The task -
Each line of the data below between the one containing "Beautiful music. Inspiring" and the one containing "天然之寶鋅,15 毫克葡萄糖酸鋅,有助於維持免疫功能和身體健康,天然漿果味,60 粒軟糖,150", both included, is to be repeated exactly. Please omit pictures.

Material supplied -

★ ★ ★ ★ ★

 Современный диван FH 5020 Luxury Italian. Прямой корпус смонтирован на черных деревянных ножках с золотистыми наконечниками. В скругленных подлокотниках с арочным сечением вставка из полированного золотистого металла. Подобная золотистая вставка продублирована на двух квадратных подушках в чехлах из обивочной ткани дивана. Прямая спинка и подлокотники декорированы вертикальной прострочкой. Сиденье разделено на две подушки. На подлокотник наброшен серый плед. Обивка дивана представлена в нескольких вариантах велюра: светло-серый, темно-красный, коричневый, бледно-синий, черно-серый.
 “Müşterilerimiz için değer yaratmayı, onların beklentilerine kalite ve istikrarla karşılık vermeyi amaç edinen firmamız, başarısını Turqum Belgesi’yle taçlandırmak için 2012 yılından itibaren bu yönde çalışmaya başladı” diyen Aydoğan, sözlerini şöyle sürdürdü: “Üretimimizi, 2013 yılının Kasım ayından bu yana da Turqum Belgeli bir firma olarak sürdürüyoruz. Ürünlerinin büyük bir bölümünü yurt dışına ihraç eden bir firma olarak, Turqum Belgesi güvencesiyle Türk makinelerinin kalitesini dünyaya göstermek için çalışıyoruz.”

★ ★ ★ ★ ★

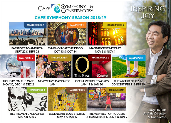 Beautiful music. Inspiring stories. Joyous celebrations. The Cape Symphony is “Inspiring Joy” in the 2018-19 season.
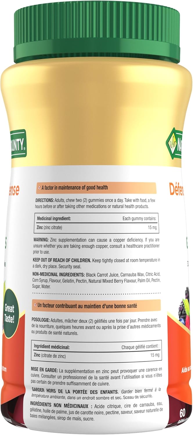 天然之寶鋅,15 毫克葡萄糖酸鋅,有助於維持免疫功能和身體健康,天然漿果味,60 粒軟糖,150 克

★ ★ ★ ★ ★

Output of the exercise -
 Beautiful music. Inspiring stories. Joyous celebrations. The Cape Symphony is “Inspiring Joy” in the 2018-19 season.
 天然之寶鋅,15 毫克葡萄糖酸鋅,有助於維持免疫功能和身體健康,天然漿果味,60 粒軟糖,150 克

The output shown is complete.